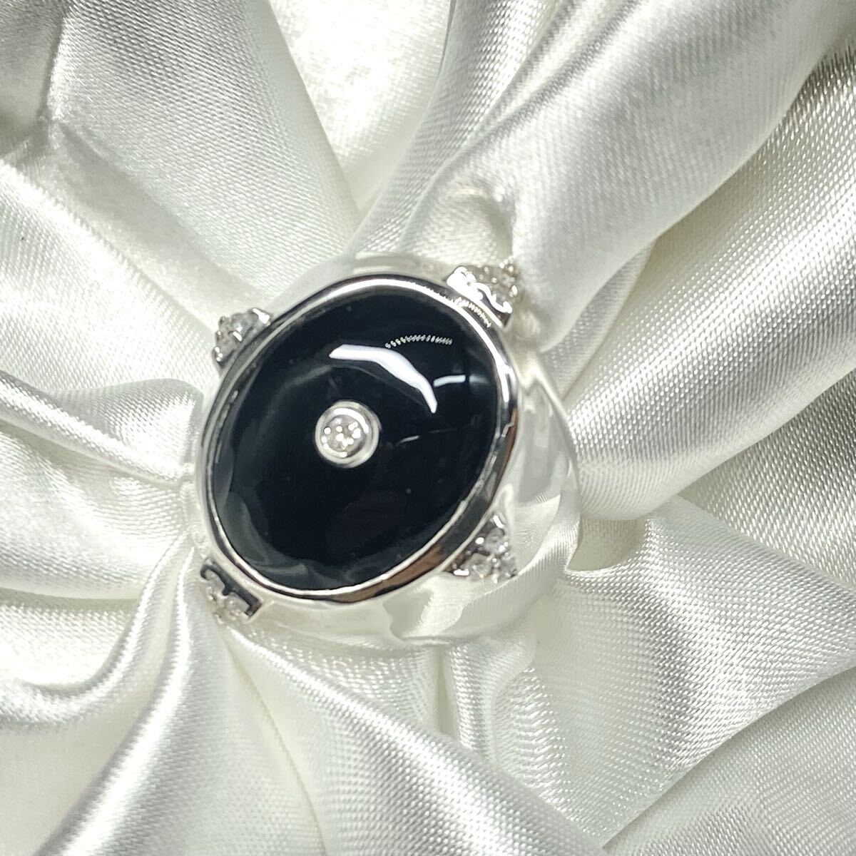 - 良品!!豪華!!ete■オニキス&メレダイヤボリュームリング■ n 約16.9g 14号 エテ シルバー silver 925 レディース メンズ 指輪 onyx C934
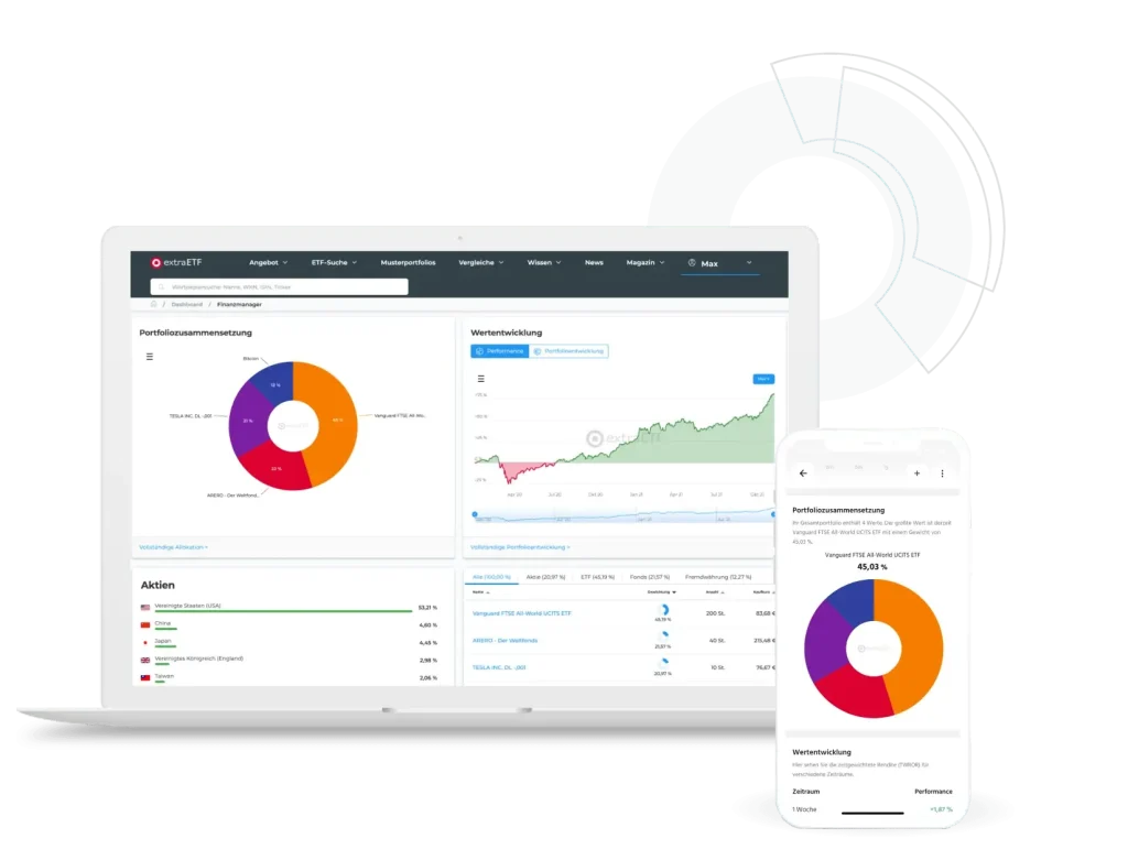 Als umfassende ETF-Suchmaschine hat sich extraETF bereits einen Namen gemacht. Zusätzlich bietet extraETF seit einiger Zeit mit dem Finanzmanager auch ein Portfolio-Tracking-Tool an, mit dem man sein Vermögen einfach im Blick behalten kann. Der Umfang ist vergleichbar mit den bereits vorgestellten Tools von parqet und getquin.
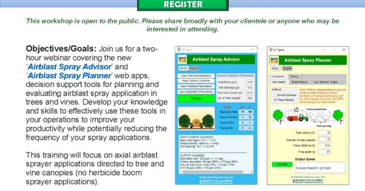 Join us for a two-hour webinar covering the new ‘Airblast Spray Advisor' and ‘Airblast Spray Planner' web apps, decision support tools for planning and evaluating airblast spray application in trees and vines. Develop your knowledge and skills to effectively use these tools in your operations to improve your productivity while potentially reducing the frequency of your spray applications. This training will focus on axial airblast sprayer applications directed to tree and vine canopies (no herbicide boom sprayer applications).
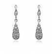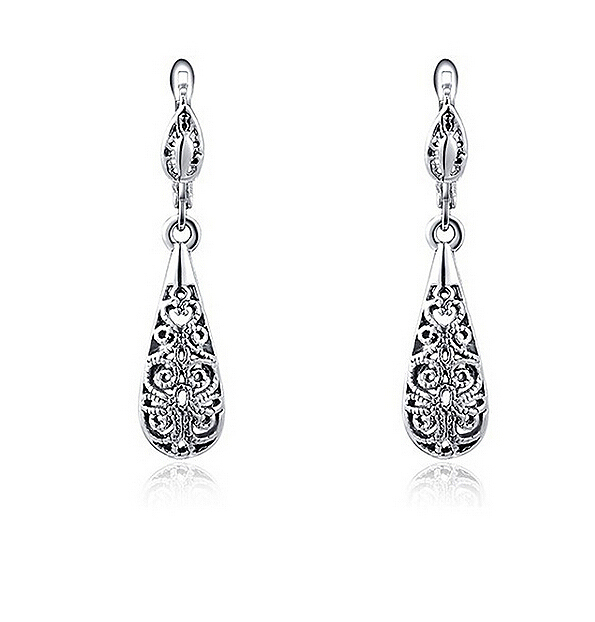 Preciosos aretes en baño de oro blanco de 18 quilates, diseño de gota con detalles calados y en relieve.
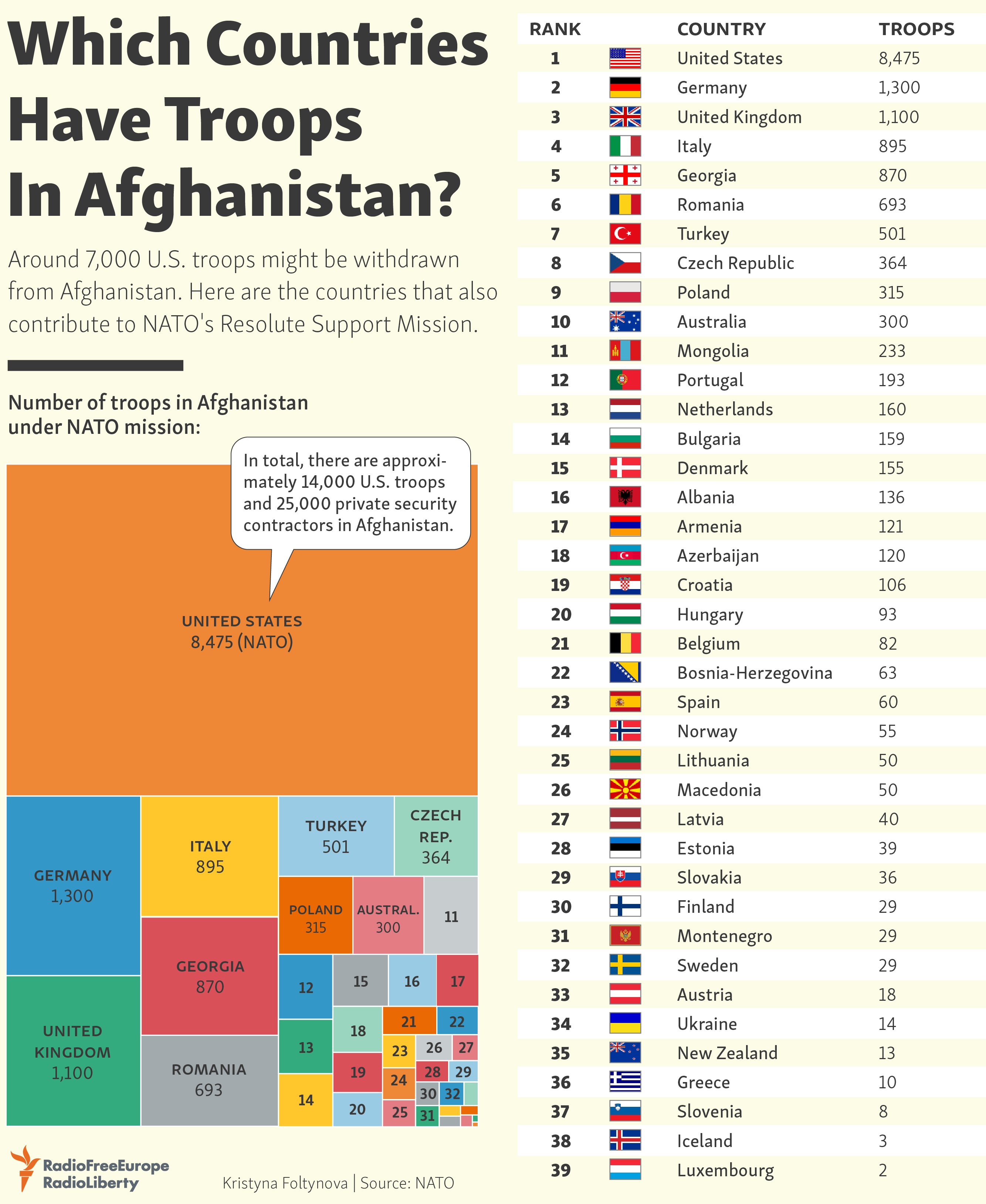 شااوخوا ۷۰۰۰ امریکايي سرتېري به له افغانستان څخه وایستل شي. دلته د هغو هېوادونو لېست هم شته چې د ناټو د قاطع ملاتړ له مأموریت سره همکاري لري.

* * *

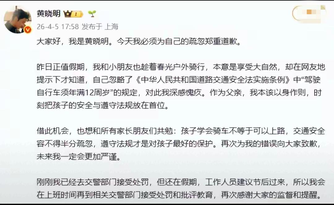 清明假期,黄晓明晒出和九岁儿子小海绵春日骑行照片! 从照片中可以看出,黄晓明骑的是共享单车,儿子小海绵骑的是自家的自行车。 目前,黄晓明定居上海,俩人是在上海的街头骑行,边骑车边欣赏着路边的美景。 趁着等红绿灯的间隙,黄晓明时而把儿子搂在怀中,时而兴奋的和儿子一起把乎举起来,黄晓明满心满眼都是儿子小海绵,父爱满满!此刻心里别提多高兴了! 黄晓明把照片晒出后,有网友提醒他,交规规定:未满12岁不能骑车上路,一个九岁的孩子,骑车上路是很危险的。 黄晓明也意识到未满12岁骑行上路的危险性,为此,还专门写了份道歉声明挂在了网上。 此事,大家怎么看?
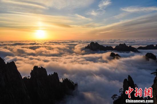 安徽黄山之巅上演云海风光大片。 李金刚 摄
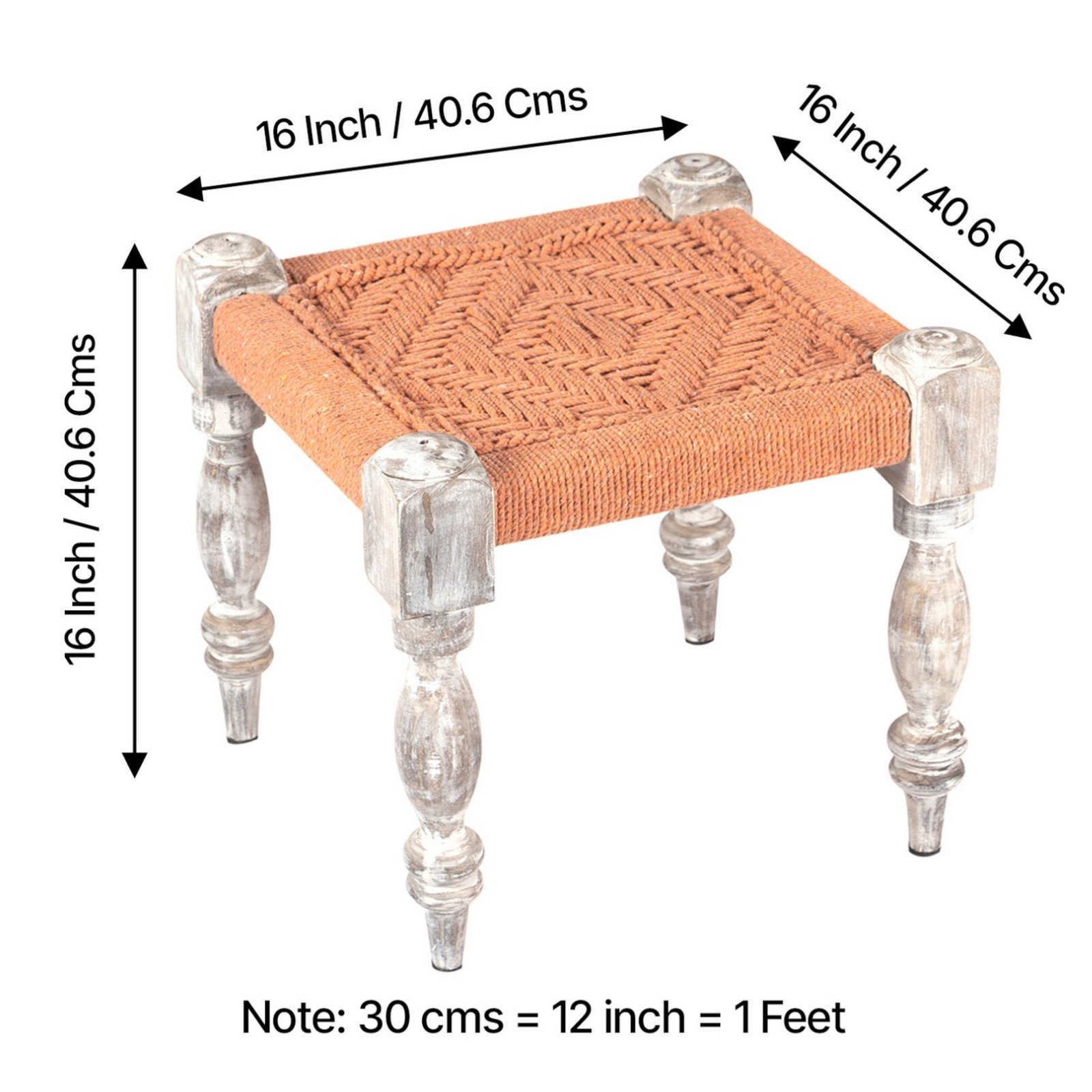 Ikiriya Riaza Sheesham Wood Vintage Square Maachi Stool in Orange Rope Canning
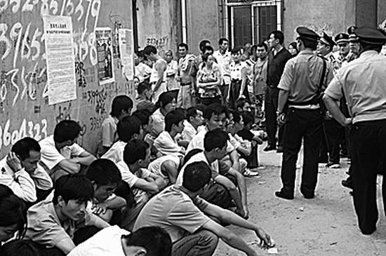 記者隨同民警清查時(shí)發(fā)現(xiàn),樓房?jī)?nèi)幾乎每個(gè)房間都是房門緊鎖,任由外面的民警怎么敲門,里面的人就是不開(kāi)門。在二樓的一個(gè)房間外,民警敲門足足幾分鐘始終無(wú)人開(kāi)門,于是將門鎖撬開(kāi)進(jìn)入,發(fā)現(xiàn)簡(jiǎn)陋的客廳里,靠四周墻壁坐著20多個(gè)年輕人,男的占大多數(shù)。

--

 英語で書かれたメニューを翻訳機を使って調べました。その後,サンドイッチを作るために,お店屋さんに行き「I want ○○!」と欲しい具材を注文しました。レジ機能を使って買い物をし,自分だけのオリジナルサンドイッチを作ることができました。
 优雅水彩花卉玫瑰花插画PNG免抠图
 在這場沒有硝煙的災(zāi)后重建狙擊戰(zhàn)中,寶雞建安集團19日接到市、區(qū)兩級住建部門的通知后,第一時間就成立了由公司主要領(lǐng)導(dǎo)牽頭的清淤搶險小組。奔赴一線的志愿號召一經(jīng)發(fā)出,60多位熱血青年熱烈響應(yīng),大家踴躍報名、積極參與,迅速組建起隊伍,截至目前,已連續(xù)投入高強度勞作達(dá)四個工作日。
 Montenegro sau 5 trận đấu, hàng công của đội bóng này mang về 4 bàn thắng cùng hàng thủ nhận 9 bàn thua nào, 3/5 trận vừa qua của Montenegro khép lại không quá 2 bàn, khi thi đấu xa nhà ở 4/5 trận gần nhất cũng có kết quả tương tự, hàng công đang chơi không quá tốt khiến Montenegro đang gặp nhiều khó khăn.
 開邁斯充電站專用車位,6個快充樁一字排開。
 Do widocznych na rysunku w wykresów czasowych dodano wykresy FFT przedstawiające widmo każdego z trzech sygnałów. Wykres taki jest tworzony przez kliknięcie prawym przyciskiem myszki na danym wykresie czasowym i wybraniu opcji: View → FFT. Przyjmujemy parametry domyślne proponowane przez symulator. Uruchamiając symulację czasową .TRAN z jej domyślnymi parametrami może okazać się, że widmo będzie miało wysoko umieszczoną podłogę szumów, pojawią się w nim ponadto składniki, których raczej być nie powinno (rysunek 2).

-- What the exercise asks --
Of the lines above, quote exactly those from the one with "Preciosos aretes en" through the one with "شااوخوا ۷۰۰۰ امریکايي", ends included; pictures stay out.

-- Task solution --
 Preciosos aretes en baño de oro blanco de 18 quilates, diseño de gota con detalles calados y en relieve.
 شااوخوا ۷۰۰۰ امریکايي سرتېري به له افغانستان څخه وایستل شي. دلته د هغو هېوادونو لېست هم شته چې د ناټو د قاطع ملاتړ له مأموریت سره همکاري لري.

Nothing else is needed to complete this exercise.